I read a great blog post by Seth Godin this week where he challenged the reader to "not be boring." With email, it is easy to get stuck in a rut and send a message that lacks anything that will
interest the majority of your readers. Every once in a while, it is worth stepping back, looking at your messages and asking the question, is this message boring?
To my mind, mass retailers
are among the most public examples of emailers who don't get the concept of not boring the reader. I went into my inbox to look at some examples, and was shocked to see how prevalent a mass
marketing mentality is across the retail channel. Many of the names we love to shop with are treating their messages like Sunday newspaper supplements.
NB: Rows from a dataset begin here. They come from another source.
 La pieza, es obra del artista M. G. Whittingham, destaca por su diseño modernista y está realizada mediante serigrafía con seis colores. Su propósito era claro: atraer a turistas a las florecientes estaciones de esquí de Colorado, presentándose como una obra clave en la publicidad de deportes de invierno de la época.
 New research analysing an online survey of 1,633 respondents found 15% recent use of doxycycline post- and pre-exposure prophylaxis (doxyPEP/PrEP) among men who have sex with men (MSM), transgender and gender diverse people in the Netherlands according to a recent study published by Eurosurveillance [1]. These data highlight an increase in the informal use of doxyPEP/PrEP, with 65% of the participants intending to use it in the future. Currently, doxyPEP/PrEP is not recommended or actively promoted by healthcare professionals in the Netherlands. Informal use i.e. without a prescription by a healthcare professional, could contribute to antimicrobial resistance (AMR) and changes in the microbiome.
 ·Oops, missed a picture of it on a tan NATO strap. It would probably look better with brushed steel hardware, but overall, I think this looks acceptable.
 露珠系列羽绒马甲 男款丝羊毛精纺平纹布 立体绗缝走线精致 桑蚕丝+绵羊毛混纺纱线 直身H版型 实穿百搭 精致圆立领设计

I enjoy shopping at Restoration
Hardware stores, but I really don't want to hear from them almost every day (they sent me 21 messages in the month of May). So, like many of their customers, I just tune them out; I don't even see
their messages any more. They are not alone. Many top-line retailers, whose stores I like shopping in, bombard my inbox with their blast concept of email marketing. During the same time period I
received 16 messages from Talbots (I made a purchase for my wife), nine from Williams-Sonoma, eight from J. Crew, 12 from J. Jill and 11 from Nordstrom. These are just the few that I looked at, not
all messages from retailers that made it into my inbox.
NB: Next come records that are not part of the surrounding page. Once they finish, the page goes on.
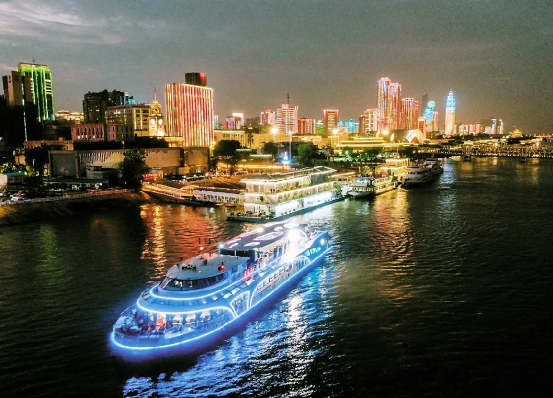 我國(guó)第一艘新能源全電動(dòng)商旅游船“君旅號(hào)”于近日在長(zhǎng)江正式起航。該船全套動(dòng)力系統(tǒng)均由中國(guó)船舶集團(tuán)七一二所研發(fā)制造?!熬锰?hào)”長(zhǎng)53.2米,寬14.3米,共2層,可搭乘300名游客,游覽線路處于長(zhǎng)江主軸核心區(qū)域,1小時(shí)就可觀賞江漢關(guān)、黃鶴樓、長(zhǎng)江燈光秀等景觀。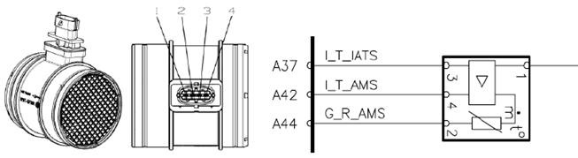 1-附加溫度傳感器(部分車型懸空不用);2-+12V加熱電源;3-接地;4-+5V參考電壓;5-信號(hào)輸出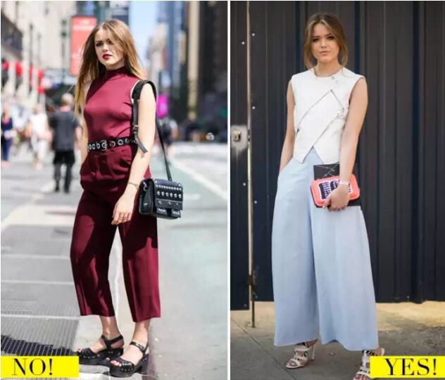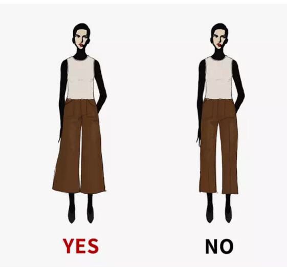 如图,左边与右边相比从视觉上脚踝更加纤细有没有,整体更加修长又没有。这就是阔腿裤流行的道理啊。
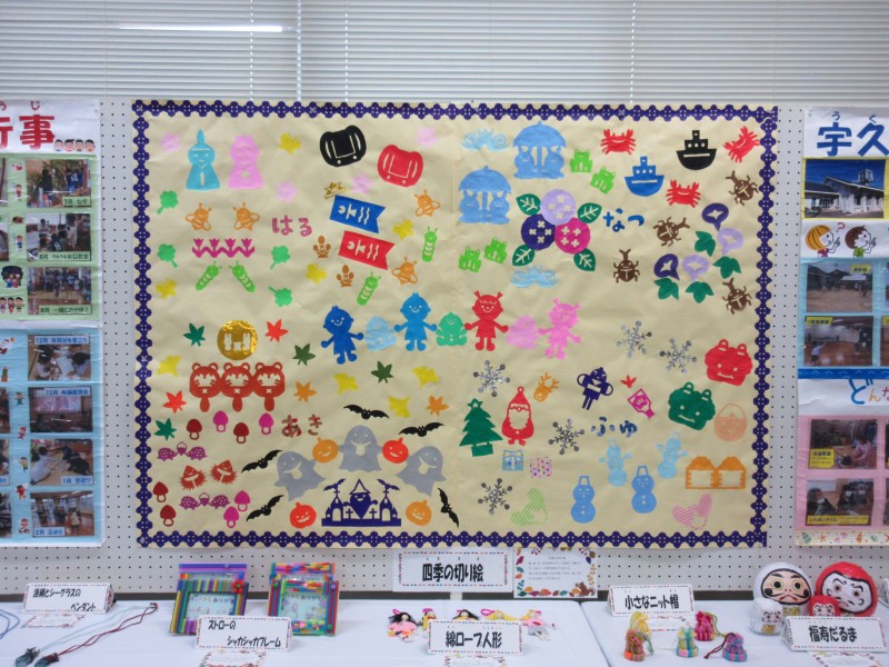 「四季の切り絵」は、ただいま宇久児童センター内に掲示しています。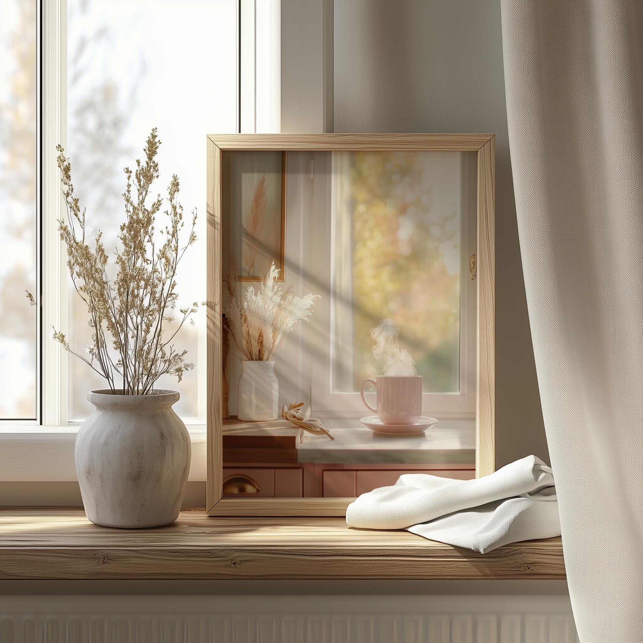 Immerse yourself in the charm with this rustic painting of a cozy kitchen windowsill adorned with seasonal decorations. An instantly downloadable print, it's perfect for elevating your decor with budget-friendly charm. This gives you the flexibility to customize the size, frame, and material according to your personal taste and space, ensuring a perfect fit for your walls.

I've targeted the retail set in this discussion because they seem to be the biggest offenders of this blast concept these days. They
are by no means the only firms that mail their lists too often. I know that the economy is tight, and they want to get consumers into their stores, or buying from them online, but at what
cost?
None of these firms are bad marketers, so I'm guessing they have done some testing to show them that this frequency is good for them, but are they potentially losing more sales that they
might have gained if they were targeting with relevant offers? In my mind the tests are only valuable if you are testing them against something more targeted. If you're mailing the same message with
two different subject lines, it isn't so much a test of effectiveness, but a test of which message is the least "not effective." Additionally, they are "polluting the stream," so to speak, by
over-mailing, which changes consumer's perspective of email, ultimately impacting every company's ability to reach that consumer.
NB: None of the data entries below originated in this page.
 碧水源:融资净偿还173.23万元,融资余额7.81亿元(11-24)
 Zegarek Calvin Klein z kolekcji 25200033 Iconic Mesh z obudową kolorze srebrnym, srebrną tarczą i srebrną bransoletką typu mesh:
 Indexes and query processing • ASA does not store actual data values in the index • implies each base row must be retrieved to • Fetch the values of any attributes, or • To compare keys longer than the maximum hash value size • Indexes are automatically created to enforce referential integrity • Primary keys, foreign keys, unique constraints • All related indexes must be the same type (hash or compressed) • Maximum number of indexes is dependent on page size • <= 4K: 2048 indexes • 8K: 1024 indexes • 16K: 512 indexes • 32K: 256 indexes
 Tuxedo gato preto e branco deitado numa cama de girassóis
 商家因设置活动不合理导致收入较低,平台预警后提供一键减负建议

What happens to your messages when you mail too often? You
change consumer behavior. First they screen you out, then they are likely to ignore you. They might set up filters to filter you off into inbox purgatory, or they might set up a separate account for
all commercial messages. In all these situations, retailers lose -- because they can no longer use email to reach this audience.. And consumer lose because they don't receive relevant offers from a
retailer they like doing business with.
As marketers we often have an overinflated sense of our product or company's worth in the eyes of an email recipient. Before you hit the send button
for your next campaign, put yourself in the recipient's shoes and ask yourself how the message will be perceived. If you can't see solid value in it -- something that will excite, entice, generate
buzz, create interest, or grab attention -- go back to the drawing board.
For success, your message has to deliver meaningful or interesting content in a timely manner that is not intrusive.
Fundamentally it needs to answer the age-old question, WIIFM (what's in it for me), to have a chance in today's marketplace. If you can't honestly answer when you examine it, perhaps it is time for a
change. The reality is, you can buy and send all of the email messages you want, but you can't buy attention.